Hem şu onbeş misalin içtimaı; kat'î şübhesiz bir tevatür-ü manevî ile, kuvvetli bir mu'cize-i kübrayı gösterir. Şimdi şu mecmu'daki mu'cize-i kübra, bereket mu'cizelerinden zikredilmemiş olan ondört kısm-ı âhere mezcedilse; kuvvetli halatları topak yapmak gibi, koparılması mümkün olmayan bir mu'cize-i ekber, içinde görünür. Sonra şu mu'cize-i ekberi, sair ondört nevi mu'cizatın mecmuuna ilâve et, gör ki: Ne derece kuvvetli, sarsılmaz, kat'î bir bürhan-ı nübüvvet-i Ahmediyeyi (A.S.M.) gösterir. İşte nübüvvet-i Ahmediyenin (A.S.M.) direği, şu mecmu'dan teşekkül eden dağ gibi kuvvetli bir direktir. Şimdi cüz'iyatta ve misallerde, sû'-i fehimden gelen şübhelerle, o metin sakf-ı muallâyı sebatsız ve kabil-i sukut görmek ne derece akılsızlık olduğunu anladın. Evet berekete dair o mu'cizeler gösteriyorlar ki: Muhammed-i Arabî Aleyhissalâtü Vesselâm, umuma rızık veren ve rızıkları halkeden bir Zât-ı Rahîm ve Kerim'in sevgili memurudur, pek hürmetli bir abdidir ki; rızkın enva'ında, hilaf-ı âdet olarak, ona hiçten ve sırf gaybdan ziyafetler gönderiyor.
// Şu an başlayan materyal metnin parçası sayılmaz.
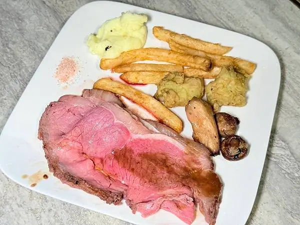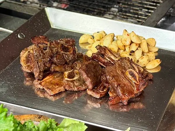 假日午晚餐,板腱牛還升級成「帶骨牛小排」,更是油嫩好吃。
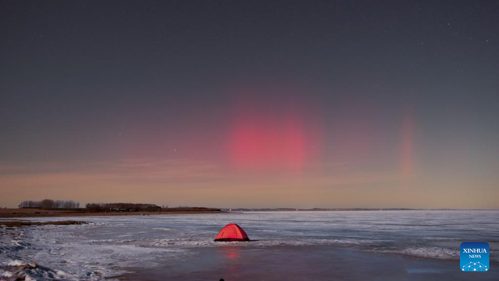 The Aurora Borealis, or the Northern Lights, illuminates the sky above Nehe City in northeast China's Heilongjiang Province, March 25, 2024. (Photo by Liu Wei/Xinhua)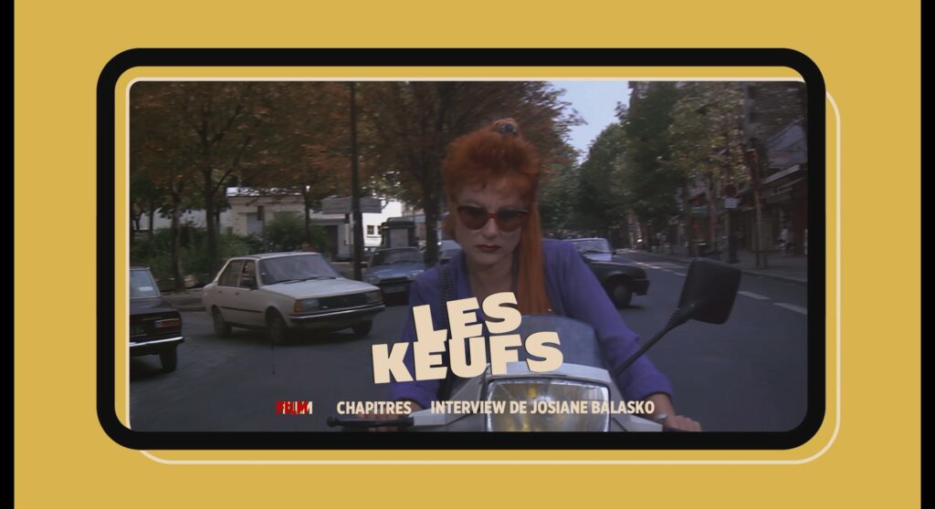 Comme pour Signes extérieurs de richesse, Sac de nœuds, Les Hommes préfèrent les grosses et Nuit d’ivresse, Rimini Éditions est allé à la rencontre de Josiane Balasko (15’). La comédienne/réalisatrice revient sur la genèse des Keufs (qu’elle n’avait pas prévu de réaliser au départ), évoque la solide collaboration avec le chef opérateur Dominique Chapuis, l’explosive interprétation de Jean-Pierre Léaud (« que personne ne voulait assurer, car il avait des démêlés avec la justice […] et qui s’est régalé avec ce personnage »). Josiane Balasko parle aussi du succès du film à sa sortie (« il a beaucoup marché dans les cités »), dont le titre pouvait échapper à la compréhension de beaucoup (et pour lequel elle s’est battue). Le casting est aussi passé au peigne fin.
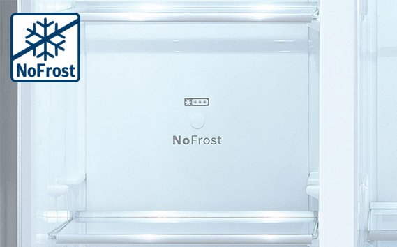 Розморожування морозильника вручну може бути дуже надокучливим та трудомістким процесом. Завдяки нашим новим холодильникам з системою NoFrost, Ви легко позбавитесь цієї проблеми! На відміну від традиційних холодильників, вологість повітря у холодильнику з системою NoFrost постійно збирається в центральній холодильній установці, яка регулярно розморожується автоматично. Утворений конденсат просто відводиться назовні з холодильника, де він потім випаровується. Таким чином, система NoFrost постійно позбавляє Ваш холодильник від льоду, а Вас від необхідності розморожувати його вручну.

Malûmdur ki: Ceziret-ül Arab, suyu ve ziraati az bir yerdir. Onun için ahalisi, hususan bidayet-i İslâmdaki Sahabeler, dıyk-ı maîşete mâruzdular. Hem susuzluğa çok defa giriftar oluyorlardı. İşte bu hikmete binaen, mu'cizat-ı bâhire-i Ahmediye Aleyhissalâtü Vesselâm'ın mühimleri, taam ve su hususunda tezahür etmiş. Bu hârikalar dava-yı nübüvvete delil ve mu'cize olmaktan ziyade, ihtiyaca binaen Resul-i Ekrem Aleyhissalâtü Vesselâm'a bir ikram-ı İlahî, bir ihsan-ı Rabbanî, bir ziyafet-i Rahmaniye hükmündedir. Çünki o mu'cizatı görenler, nübüvveti tasdik etmişler. Fakat mu'cize zuhur ettikçe, iman ziyadeleşir, nûrun alâ nûr olur.